Hydrotropic extraction (HEX) is a method for the delignification of lignocellulose that has been given increasing amounts of attention during the last couple of years. A hydrotrope is an amphiphilic substance, which, in high enough concentrations, can improve solubility of otherwise poorly soluble substances in water. The most commonly used substance for HEX-delignification is sodium xylenesulfonate (SXS), a compound commonly found in personal-care products such as shampoos and cosmetics. Above a certain concentration the substance will create a hydrophobic local environment where the lignin molecule can be solubilized. By adding water, and lowering the concentration of SXS, the lignin will precipitate and can then be filtered off. One advantage of using SXS for delignification is that the activity of the hydrotropic solution increases with the number of cycles (to a certain limit) using the same liquid and that it can be reused up to six times without losing efficiency.

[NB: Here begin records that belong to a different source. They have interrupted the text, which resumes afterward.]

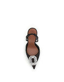 The Camelia Sling 105 Pumps in Polka-Dot Lace by Amina Muaddi embody refined femininity and contemporary allure. Crafted from black polka-dot satin, these pumps feature a pointed toe adorned with a rectangular mirrored embellishment for a touch of glamour. The slingback strap ensures a graceful fit, while the brand’s signature 105mm sculptural heel adds a modern, elevated finish — perfect for evening elegance.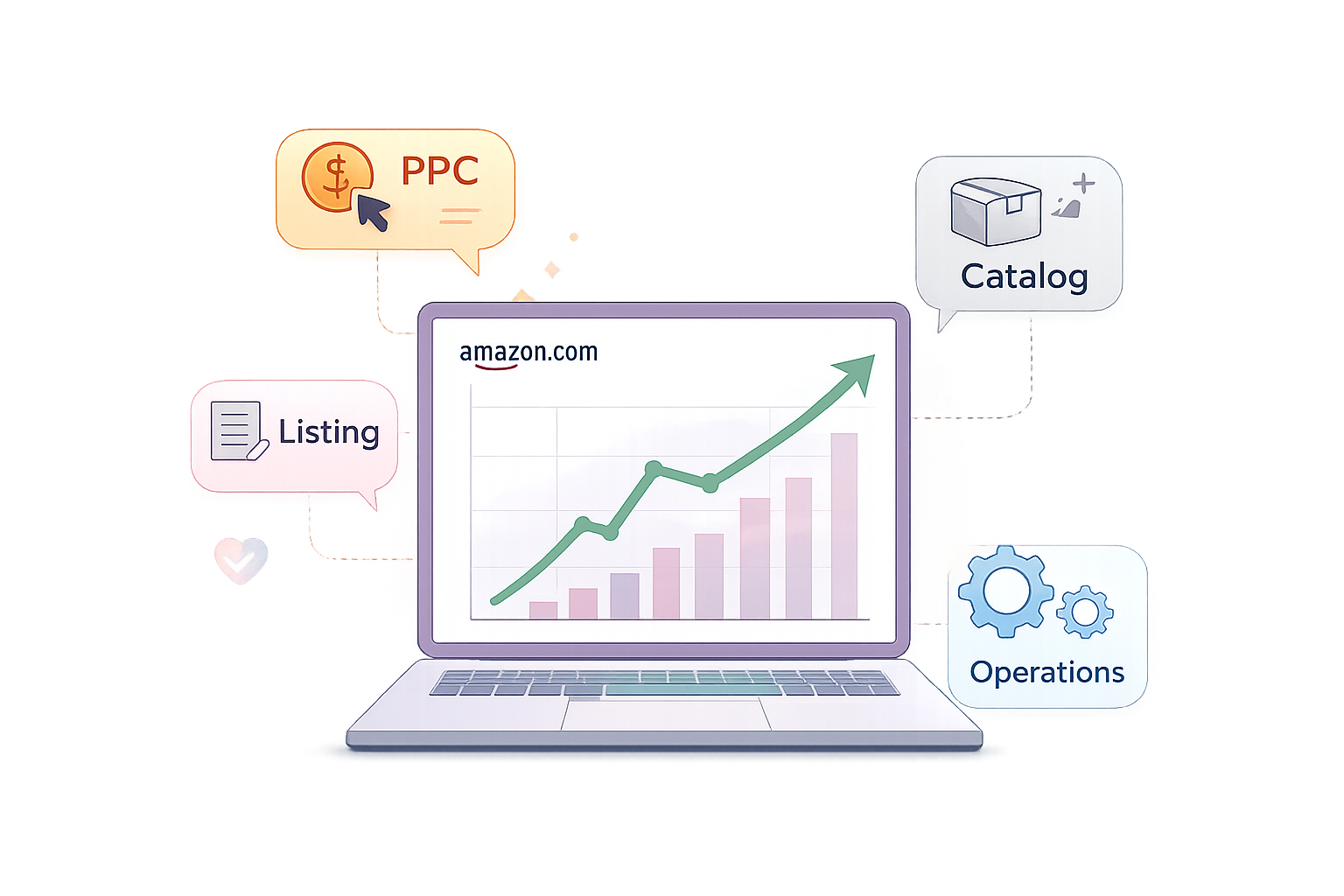 We manage your brand end-to-end on Amazon, from listings and PPC to pricing, inventory, and growth strategy. Our goal is to scale your revenue while protecting long-term brand health.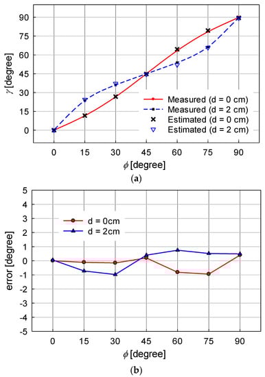 Figure 14 shows the experimental results for the proposed estimator for various physical angles. Figure 13a shows the measured and estimated mutual inductance angles and Figure 13b shows the estimation error, where the measured values are from Table 2. The maximum error is 0.97° at Φ = 30° and d = 2 cm. It is known in the experimental results that the mutual inductance angle can be estimated with an error of less than 1° using the proposed estimator in the experimental WPT system.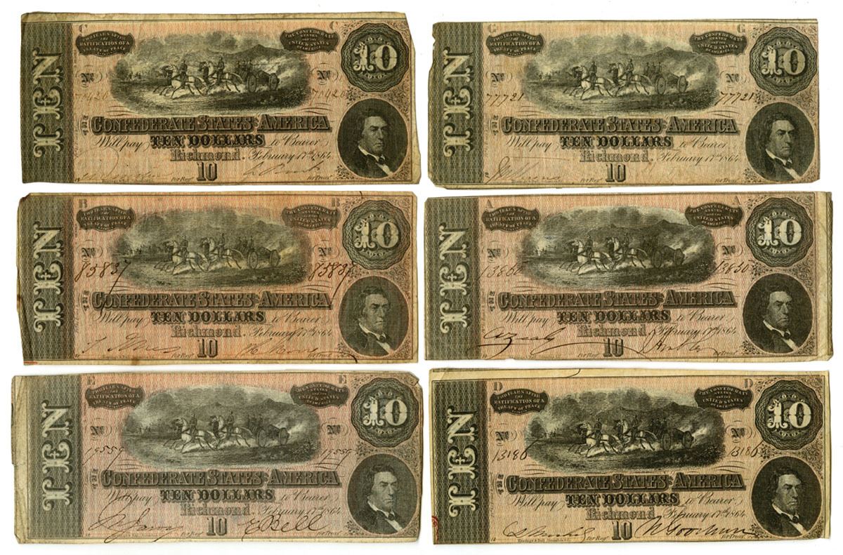 Richmond, Virginia, 1864. $10, P-68 (6) T-68 SL#69, Issued Banknote Group, Black on red underprint with Artillery horseman pulling cannon at center with portrait of M.T. Hunter at lower right, Back is blue with TEN printed at center, Notes range from VF to Choice VF condition. (6). Sold "AS IS" no returns accepted.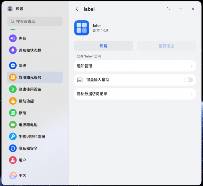 路径二:设置 > 应用和元服务 > 某个应用 > 权限类型(如键盘输入辅助)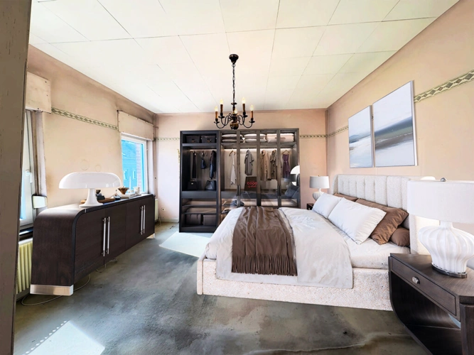 Hinweis: Wir haben die Zimmer virtuell eingerichtet, um Ihnen einen Eindruck zu geben, was hier möglich ist. Wenn Sie sich für dieses Haus interessieren, fragen Sie bitte nach unserem 360-Grad-Rundgang, der die aktuelle Situation darstellt.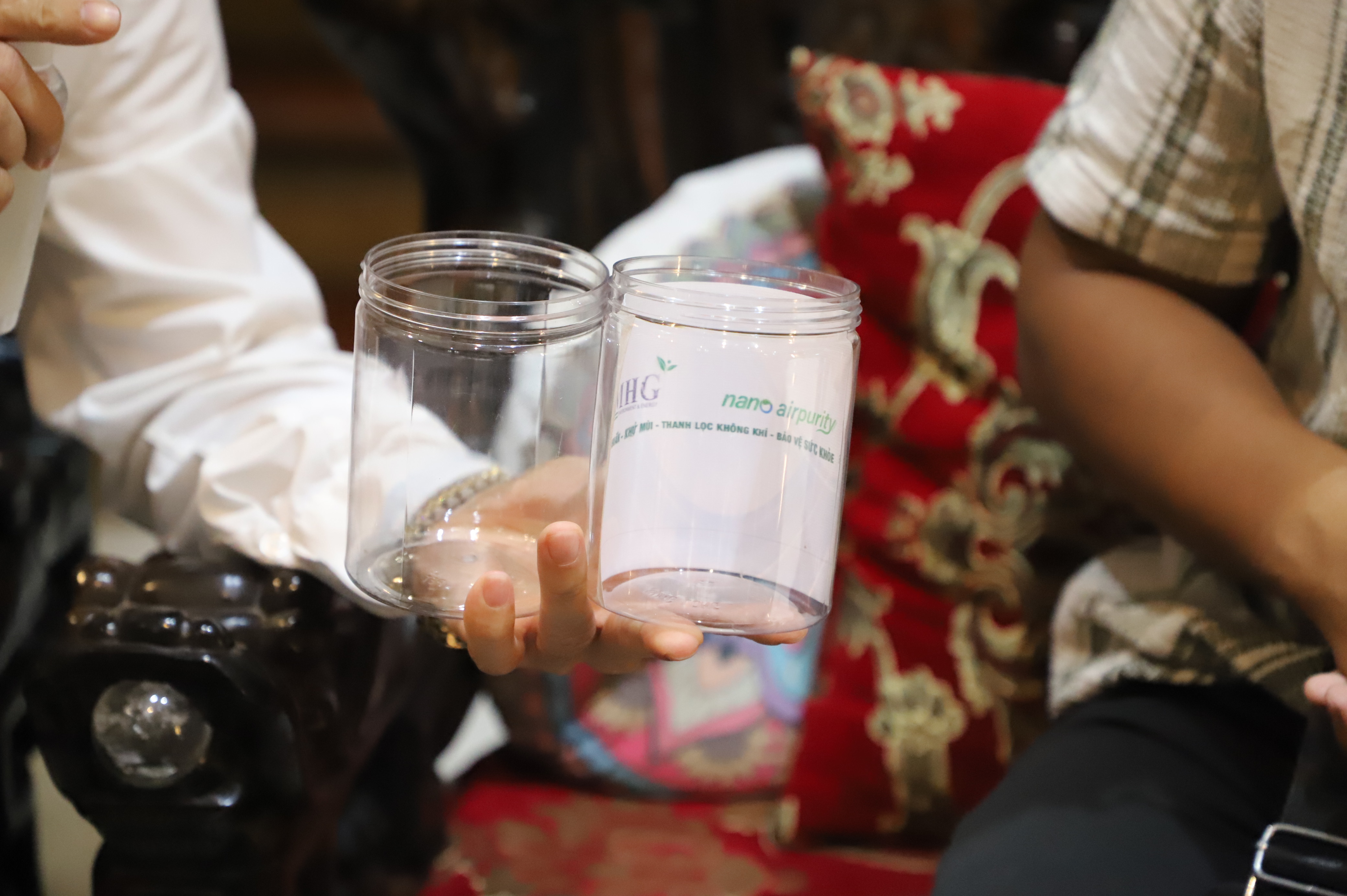 Ông Trần Công Hoà thử nghiệm công nghệ Nano Airpurity khả năng kháng khuẩn, khử mùi, làm sạch không khí trong 2 chiếc lọ (bên phải là lọ trống, bên trái là lọ có tấm vải công nghệ Nano Airpurity).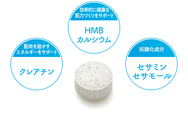 効率的に健康な筋力づくりをサポートするHMBカルシウム、筋肉を動かすエネルギーをサポートするクレアチンを配合。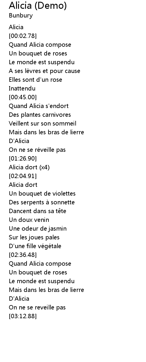 | [00:59.12] | Quand Alicia s' endort |
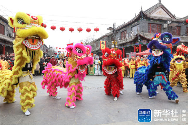 ↑2月10日,民間藝人在河北邯鄲市廣府古城廟會上表演舞獅。(楊揚(yáng) 攝)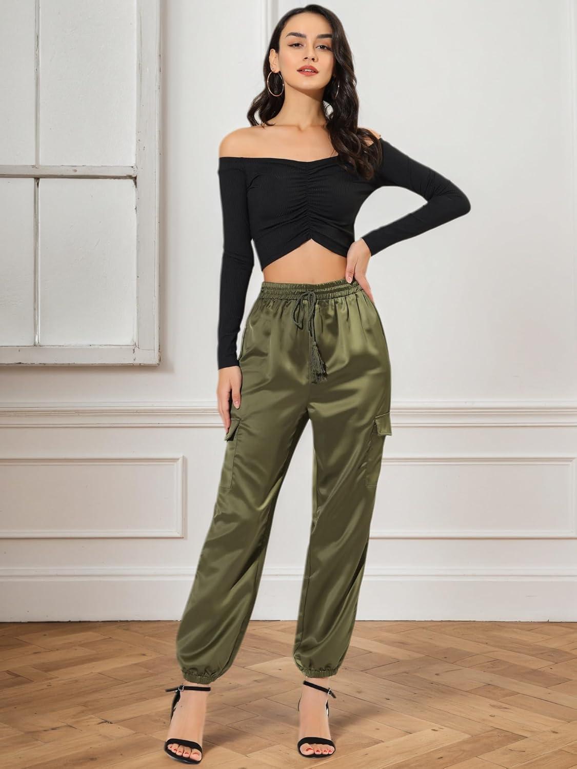 Get more for your money with our exclusive bundle deals on Allegra K Women’s Satin Pants Tie Elastic High Waist Shiny Silky Dressy Satin Cargo Joggers(Green) and accessories.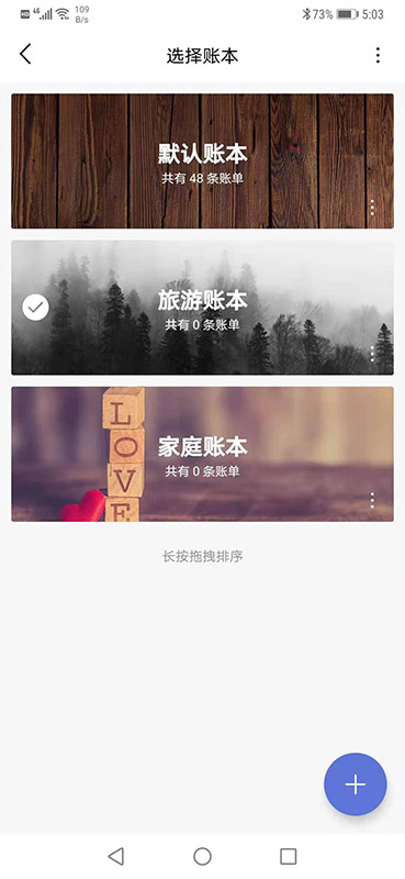 多账本管理不同账本的账户,账单,分类,预算,周期账单等各自独立,并且数据不互通,相当于子账号的概念。 如何使用多账本 点击右下角“+”号可以添加一个新账本。 长按并拖拽账本可以排序. 点击页面右上角更多可以加入多人记账。 点击账本右下角更多按钮可以删除,更新账本。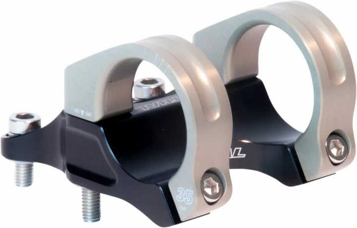 El tallo combina alta resistencia con un peso ultra bajo; The Use of Two Independent, C-Shaped Handlebar Clamps Allows The Stem Body Material To Be Reduced to A Minimum, Whilst Mainting An Incredible Stiff and Strong Structure, CNC Machined 6082 Aluminum Aluminum Body 7075 Aluminum Clamps 6-Bolt Design, U-Shape Cradle Clamp Eliminates Handlebar Stress Raisers Found With Traditional Stems, Ultra-Wide 64 mm Clamp Width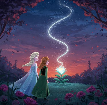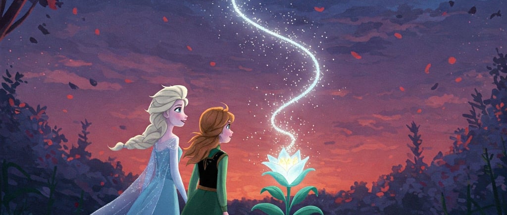 Elsa gently touched the seed with her icy magic. It sank into the earth, and from it grew a shimmering flower, opening slowly and sending out a warm, magical breeze.
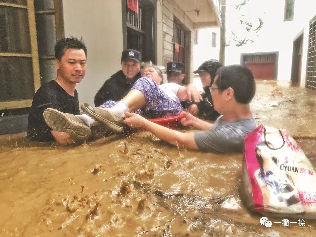 8月10日1时许,今年第9号台风“利奇马”登陆浙江温岭沿海。10日下午,安徽省宁国市宁墩镇老街遭到洪水侵袭,当地干警和村干部们将一位被困家中的老人转移到安全地带。李晓红 摄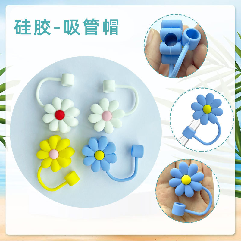 工場でよく売れている新品のシリカゲルストローキャップ創意かわいいシンプルな花ストロー防塵ストロー装飾落灰防止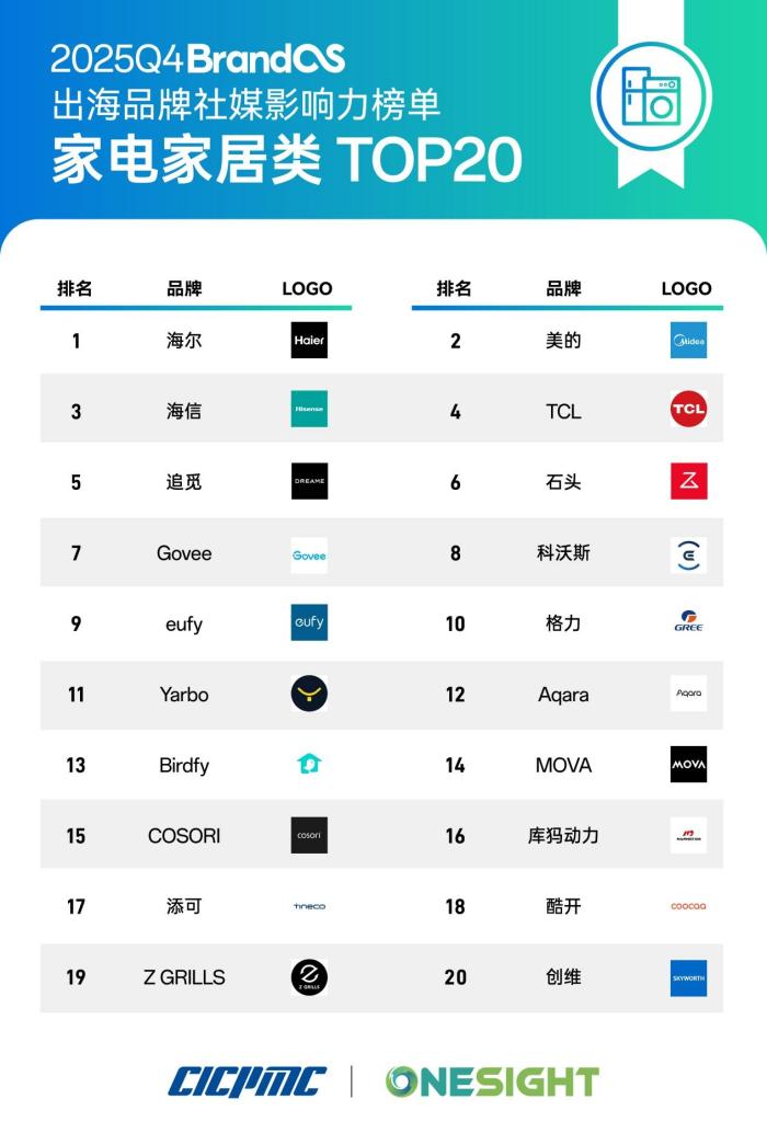 為貫徹落實(shí)黨中央、國務(wù)院關(guān)于推動(dòng)和服務(wù)中國企業(yè)出海的戰(zhàn)略決策,2026年1月20日,經(jīng)中國國際跨國公司促進(jìn)會(huì)監(jiān)制及其戰(zhàn)略合作伙伴中國品牌出海領(lǐng)導(dǎo)者OneSight聯(lián)合發(fā)布的2025Q4《BrandOS出海品牌社媒影響力榜單》正式揭曉。該榜單以“數(shù)據(jù)公開透明性+行業(yè)適配性”為核心原則,提供覆蓋消費(fèi)電子、汽車、家電家居、新能源、智能制造等8大核心領(lǐng)域的榜單,直觀反映品牌在全球化進(jìn)程中的階段性成果。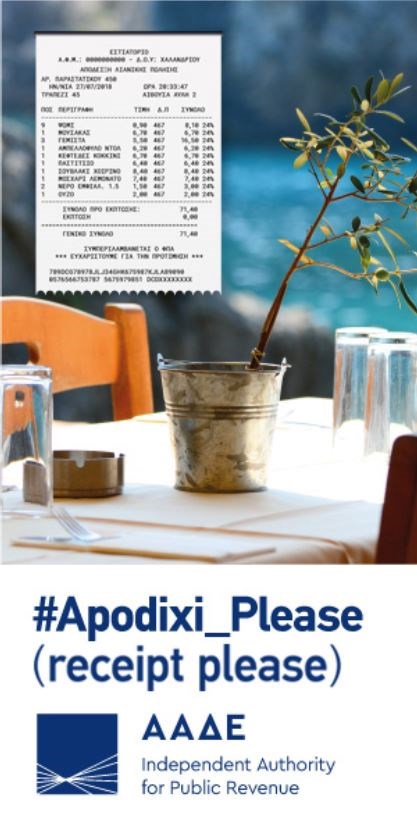 Εξάλλου, στις αφίσες που θα τοποθετηθούν στα αεροδρόμια, κάτω από μια ωραία φωτογραφία ενός τραπεζιού εστιατορίου – δίπλα στη θάλασσα, θα υπάρχει η εικόνα μιας νόμιμης απόδειξης, συνοδευόμενη από το εξής κείμενο (στα αγγλικά): “#Apodixi_Please (απόδειξη παρακαλώ). Καλώς ήλθατε στην Ελλάδα. Θα θέλαμε να σας ενημερώσουμε για τα καταναλωτικά δικαιώματά σας. Όλα τα ξενοδοχεία, εστιατόρια και καταστήματα υποχρεούνται να δέχονται χρεωστικές/πιστωτικές κάρτες. Δεν υποχρεούστε να πληρώσετε εάν δεν λάβετε απόδειξη. Γι’ αυτό, ζητήστε να πληρώσετε με κάρτα. Ζητήστε απόδειξη. Είναι τόσο απλό να το πείτε ελληνικά: #Apodixi_Please”-το μήνυμα της ΑΑΔΕ προς τους τουρίστες: https://www.aade.gr/apodixi.

A hardwood mixture consisting of 80% birch and 20% beech was submitted to pretreatment with steam explosion as a first stage in order to recover the hemicelluloses i.e. xylan. Results have shown that approximately 80% of the xylan can be recovered in the liquid phase during this treatment. The remaining solid phase was then subjected to the HEX treatment using SXS as hydrotrope. In this study results of repetitive extractions where the hydrotrope was reused will be presented.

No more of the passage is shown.